Tausende demonstrieren am Freitagabend für ein Nein vor dem Parlament in Athen. Bild: watson/rafaela roth
Morgen stimmen die Griechen für oder gegen die Bedingungen eines neuen EU-Hilfspakets. Sollten die Befürworter gewinnen, könnten weite Teile der Bevölkerung die Hoffnung verlieren.
OXI! OXI! OXI! «Oochi»! Dieses entschiedene «Nein» kommt den Griechen an diesem Freitagabend auf dem Syntagma-Platz von ganz tief unten aus der Brust.
Es ist nicht unbedingt ein Nein zum neuen EU-Hilfspaket, das, nachdem die Rückzahlungsfrist an den Internationalen Währungsfonds am Dienstag ungenutzt verstrichen ist, ohnehin hinfällig ist. Es ist auch nicht per se ein Nein zur Europäischen Union. Diese Griechen sagen viel mehr laut «Nein» zu den letzten fünf Jahren.
«Nein, so kann es nicht weiter gehen», meint dieses «Oochi». «Nein, ich kann nicht noch mehr Steuern zahlen.» «Nein, ich kann nicht noch weniger verdienen.» «Nein, ich kann mir nicht noch eine weitere Existenz ausdenken.» «Nein, ich kann so einer Zukunft nicht entgegen gehen.» Das heisst dieses Nein.
Diese Griechen, die an diesem Abend auf dem Syntagma-Platz vor dem Parlament stehen, diese alten und jungen Männer und Frauen mit ihren Töchtern und Grossvätern, die haben genug. Sie haben so genug, dass sie sich sogar an den irrsinnigen Gedanken an eine Rückkehr zum Drachmen gewöhnt haben. Ja, so dringlich sind ihre Sorgen, dass sie sogar einen Bruch mit der Europäischen Union in Kauf nehmen würden.
Dazu passt die dringliche Strategie von Premier Alexis Tsipras. Eine gefährliche, fast erpresserische Strategie. Doch diese Griechen fühlen sich selber von der EU erpresst – und ausgepresst.
Sollten die Referendumsbefürworter am Sonntag gewinnen, müssen Tsipras und sein Finanzminister Varoufakis zurücktreten.
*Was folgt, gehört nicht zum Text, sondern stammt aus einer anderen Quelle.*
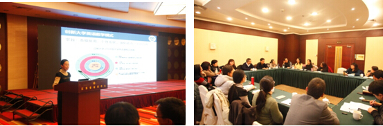 大外基础部副主任宣泠老师作为代表在会上介绍了我校“创新教学模式,整合教学平台,将现代化信息技术与大学英语教学相融合”的若干做法。秉承“各取所需,个性发展,强化能力,突出应用”的教改理念,我校大学英语尊重语言学习的规律,为不同水平、不同需求的学生提供不同层次、不同内容的菜单式课程,并充分利用信息技术,整合了集课程平台、自主学习平台、在线测试平台和教学管理平台于一体的系统应用平台,力争做到学习环境泛在化、教学资源多样化、学习内容个性化、学习评价多元化、教学活动协作化。宣泠的发言得到了与会代表的一致点赞。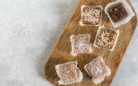 Handmade healthy vegan sweet candies on wooden cutting board. Copy space.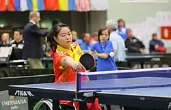 Zhang Miao (Chinese: 张淼, born July 8, 1991) is a Chinese para table tennis player. She has won six Asian table tennis titles in both singles and team events along with Gu Gai, Zhang Bian and Zhou Ying.[5][2]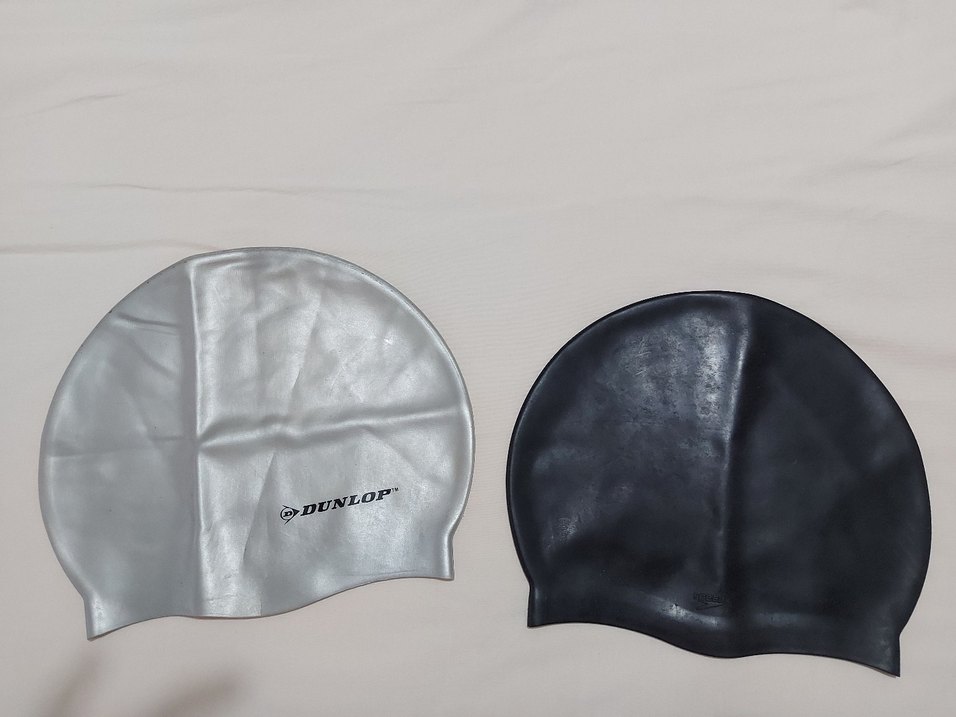 siyah ve gri renklerde, Velcro detaylı, minimal ve sportif görünümlü yüzme bonesi. Rahat ve uyumlu tasarım sunar. gri dunlop markasi siyah speedo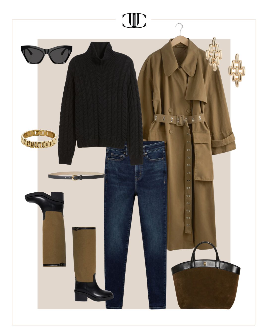 Jacket, Top, Bottom, Belt, Shoe, Bag, Earrings, Bracelet, Sunglasses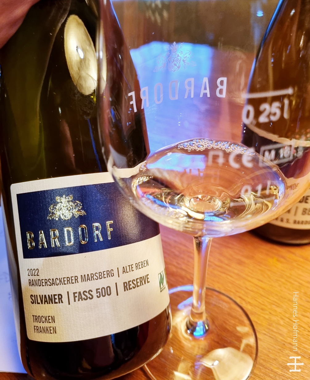 Zum Wein mal noch allgemein etwas: Die Silvaner-Reben stehen im sehr bekannten Marsberg und haben 2023 ihren 50. Geburtstag gefeiert. Gelesen wurde am Beginn des 3. Drittels im Oktober, 12 Stunden Maischstand und anschließend per Ganztraubenpressung ins Stahl gelegt und dort 3 Monate vergoren. Anschließend wurde er in ein neues französisches Tonneau aus französischer Eiche (36 Monate gelagertes Holz) gelegt und dort 1 Jahr auf der Hefe ausgebaut – im Grunde eine tolle Anlage !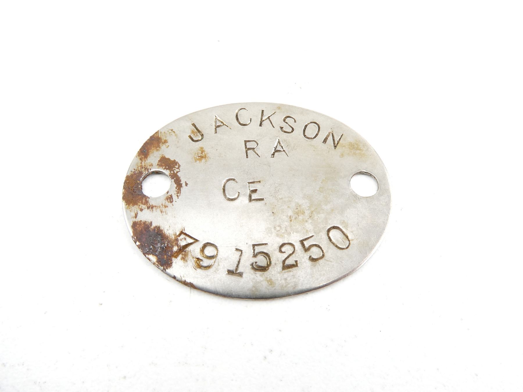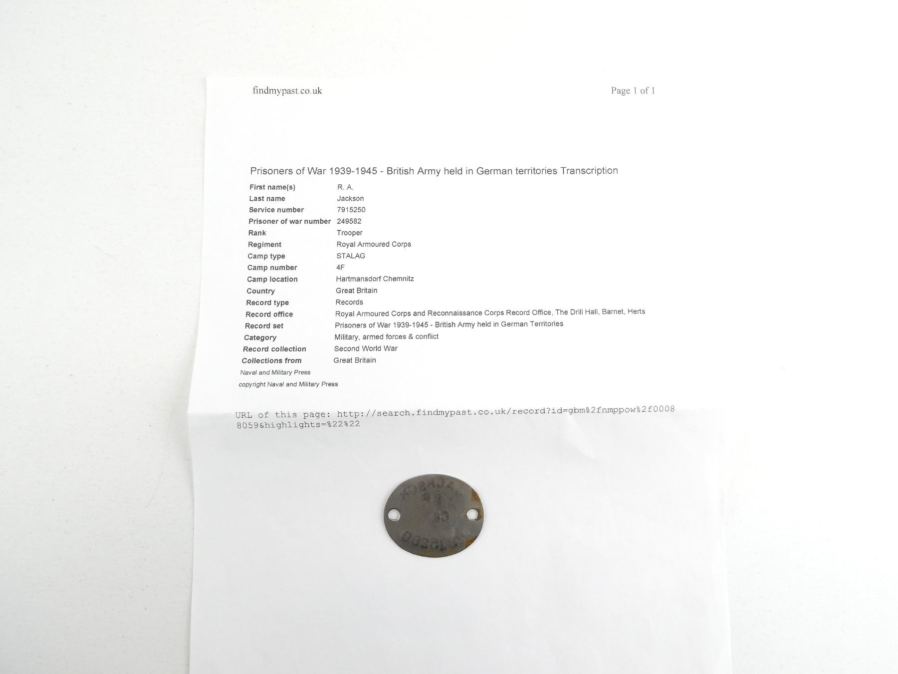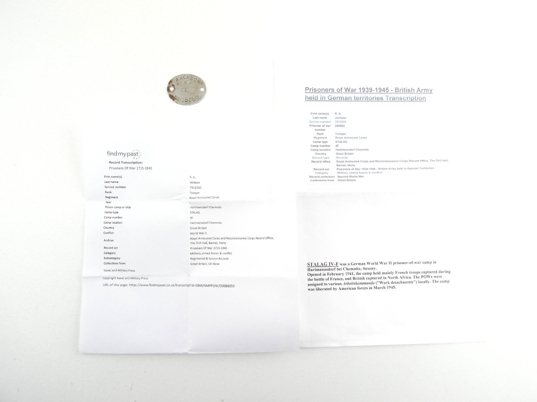 (1) METAL DOG TAG MARKED: "JACKSON, RA, CE, 7915250", WITH PRISONER OF WAR PRINTED RECORDS, POW #: 249582, HE WAS HELD IN STALAG IV-F POW CAMP LOCATED IN HARTMANNSDORF BEI CHEMNITZ, SAXONY. SEE PHOTOS.

Eine neu zu bildende Regierung würde weiter mit der EU verhandeln. Doch ihre weit wichtigere Aufgabe wäre es, Hoffnung zu schaffen. Denn diese Referendums-Abstimmung zwischen «NAI» und «OXI» reisst einen Graben zwischen arm und reich auf, zwischen Arbeitern und Mittelschicht. Und die Hoffnung der Arbeiter liegt im Moment einzig und allein auf diesem «OXI».